1856 tritt Karl May ins Lehrerseminar Waldenburg ein, bleibt ein Einzelgänger zwischen pedantischen Paragrafen und heilloser Frömmelei. "Arge Lügenhaftigkeit" und "rüdes Wesen" bescheinigen ihm die Schulakten, sechs Kerzen soll er entwendet haben. May wird der Anstalt verwiesen, kann aber nach Gnadengesuch seine Ausbildung in Plauen fortsetzen. In einer Fabrikschule in Altchemnitz wird er eine Anstellung finden und wiederum in eine unselige Geschichte geraten: Es geht um eine Uhr. Diebstahl oder Ausleihe? Mays Aussage klingt plausibel. Was ihm nicht hilft.

Hetmann zeichnet Mays Abrutschen ins Kriminelle nach, nicht ohne den Hinweis, dass Mays betrügerische und hochstaplerische Aktivitäten bisweilen an den Hauptmann von Köpenick erinnern. Indes keine Verharmlosung, von 1870 bis 1874 sitzt Karl May im Zuchthaus Waldheim, Bezirk Leipzig. "Ich muß konstatieren, daß diese vier Jahre der ungestörten Einsamkeit und Sammlung mich sehr, sehr weit vorwärts gebracht haben. Es stand mir jedes Buch zur Verfügung, das ich für meine Studien brauchte." Das Anliegen dieser Biografie ist auch, zu zeigen, "wie ein vom Schicksal benachteiligter und verletzter Mensch sich am Ende am eigenen Haarschopf aus dem Sumpf, in den er durch seine Torheiten hineingerät und zu versinken droht, herausarbeitet, sich einen Beruf wählt und Erfolg hat".

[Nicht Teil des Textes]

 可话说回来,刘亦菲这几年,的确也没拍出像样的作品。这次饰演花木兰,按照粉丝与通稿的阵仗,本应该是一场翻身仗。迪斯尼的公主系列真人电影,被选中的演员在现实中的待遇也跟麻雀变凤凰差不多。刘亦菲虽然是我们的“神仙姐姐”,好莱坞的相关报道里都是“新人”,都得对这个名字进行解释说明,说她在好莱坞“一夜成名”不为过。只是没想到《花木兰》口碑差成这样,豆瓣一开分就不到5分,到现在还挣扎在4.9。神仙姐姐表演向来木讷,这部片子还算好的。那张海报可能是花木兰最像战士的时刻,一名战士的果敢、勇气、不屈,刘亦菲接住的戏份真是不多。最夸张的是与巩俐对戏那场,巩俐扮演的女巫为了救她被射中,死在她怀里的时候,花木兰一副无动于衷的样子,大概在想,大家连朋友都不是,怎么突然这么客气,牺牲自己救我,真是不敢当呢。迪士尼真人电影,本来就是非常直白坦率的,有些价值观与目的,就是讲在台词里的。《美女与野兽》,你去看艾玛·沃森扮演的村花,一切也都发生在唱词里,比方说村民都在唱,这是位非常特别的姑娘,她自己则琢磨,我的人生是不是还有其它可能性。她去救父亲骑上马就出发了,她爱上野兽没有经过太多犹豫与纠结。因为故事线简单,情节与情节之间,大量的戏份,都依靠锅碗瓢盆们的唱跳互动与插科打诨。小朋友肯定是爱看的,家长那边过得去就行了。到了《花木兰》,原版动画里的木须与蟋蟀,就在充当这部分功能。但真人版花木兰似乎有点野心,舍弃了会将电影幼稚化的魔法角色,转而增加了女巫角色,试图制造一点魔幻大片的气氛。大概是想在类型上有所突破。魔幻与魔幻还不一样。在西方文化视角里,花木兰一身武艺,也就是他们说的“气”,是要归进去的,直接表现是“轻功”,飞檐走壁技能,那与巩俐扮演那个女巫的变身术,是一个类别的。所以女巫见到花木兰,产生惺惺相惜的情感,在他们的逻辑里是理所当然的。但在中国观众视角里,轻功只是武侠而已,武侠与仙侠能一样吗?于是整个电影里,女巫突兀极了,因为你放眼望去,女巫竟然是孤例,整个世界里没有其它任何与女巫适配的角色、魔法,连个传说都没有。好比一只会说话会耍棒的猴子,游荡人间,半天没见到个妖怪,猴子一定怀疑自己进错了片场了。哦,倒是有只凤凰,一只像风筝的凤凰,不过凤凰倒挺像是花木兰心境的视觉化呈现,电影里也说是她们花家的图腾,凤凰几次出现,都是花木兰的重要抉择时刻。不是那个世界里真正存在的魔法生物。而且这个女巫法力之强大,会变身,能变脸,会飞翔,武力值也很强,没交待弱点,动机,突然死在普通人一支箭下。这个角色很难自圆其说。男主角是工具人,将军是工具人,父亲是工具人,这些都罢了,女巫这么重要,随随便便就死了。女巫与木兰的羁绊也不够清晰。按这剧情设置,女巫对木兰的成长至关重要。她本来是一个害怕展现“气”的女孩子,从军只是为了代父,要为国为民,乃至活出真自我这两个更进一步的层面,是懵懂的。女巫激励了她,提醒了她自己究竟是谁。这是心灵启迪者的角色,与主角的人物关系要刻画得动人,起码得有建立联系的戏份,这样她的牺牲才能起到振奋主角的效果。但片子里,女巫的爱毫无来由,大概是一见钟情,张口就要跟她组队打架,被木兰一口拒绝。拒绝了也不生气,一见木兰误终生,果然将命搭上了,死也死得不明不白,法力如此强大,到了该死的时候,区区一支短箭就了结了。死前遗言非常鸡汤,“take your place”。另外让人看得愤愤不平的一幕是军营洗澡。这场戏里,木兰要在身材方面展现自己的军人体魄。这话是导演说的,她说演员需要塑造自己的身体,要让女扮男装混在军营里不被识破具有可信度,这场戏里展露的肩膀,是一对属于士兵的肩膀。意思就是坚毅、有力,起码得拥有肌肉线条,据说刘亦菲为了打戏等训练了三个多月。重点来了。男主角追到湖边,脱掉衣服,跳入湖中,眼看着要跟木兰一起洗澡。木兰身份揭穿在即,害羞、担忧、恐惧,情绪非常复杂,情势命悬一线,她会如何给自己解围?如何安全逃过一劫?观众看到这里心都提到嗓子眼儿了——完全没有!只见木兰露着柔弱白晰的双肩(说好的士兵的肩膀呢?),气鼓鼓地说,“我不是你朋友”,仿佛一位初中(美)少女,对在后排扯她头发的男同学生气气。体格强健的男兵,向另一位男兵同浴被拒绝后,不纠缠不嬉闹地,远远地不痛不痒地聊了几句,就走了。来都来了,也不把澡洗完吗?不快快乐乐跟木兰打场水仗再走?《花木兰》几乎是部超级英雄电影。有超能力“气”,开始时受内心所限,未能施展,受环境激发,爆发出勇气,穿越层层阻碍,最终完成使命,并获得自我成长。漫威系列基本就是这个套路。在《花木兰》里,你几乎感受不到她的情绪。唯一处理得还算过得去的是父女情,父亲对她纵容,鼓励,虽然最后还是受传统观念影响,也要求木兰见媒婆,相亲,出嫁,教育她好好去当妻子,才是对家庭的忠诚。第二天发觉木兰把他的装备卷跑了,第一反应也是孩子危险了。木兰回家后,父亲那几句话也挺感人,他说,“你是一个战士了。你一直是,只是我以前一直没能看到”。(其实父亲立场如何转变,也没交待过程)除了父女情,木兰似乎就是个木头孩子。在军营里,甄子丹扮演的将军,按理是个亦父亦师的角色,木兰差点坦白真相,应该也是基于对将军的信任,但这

Der Weg ist freilich lang: 1896 ist so ein Jubeljahr. 147 000 Bände werden da verkauft, der berühmte und überall umdrängte Autor vergoldet den häuslichen Schriftzug: "Villa Shatterhand". May kostümiert sein Arbeitszimmer und sich selbst: Fotografien von Karl Shatterhand und May Ben Nemsi werden vertrieben: ICH bin's! Und manchmal muss auch Hetmann staunen: "Er bringt es fertig, bei einem Vortrag in Graz vor Zöglingen von Adelshäusern spontan eine neue Winnetou-Episode zu erfinden."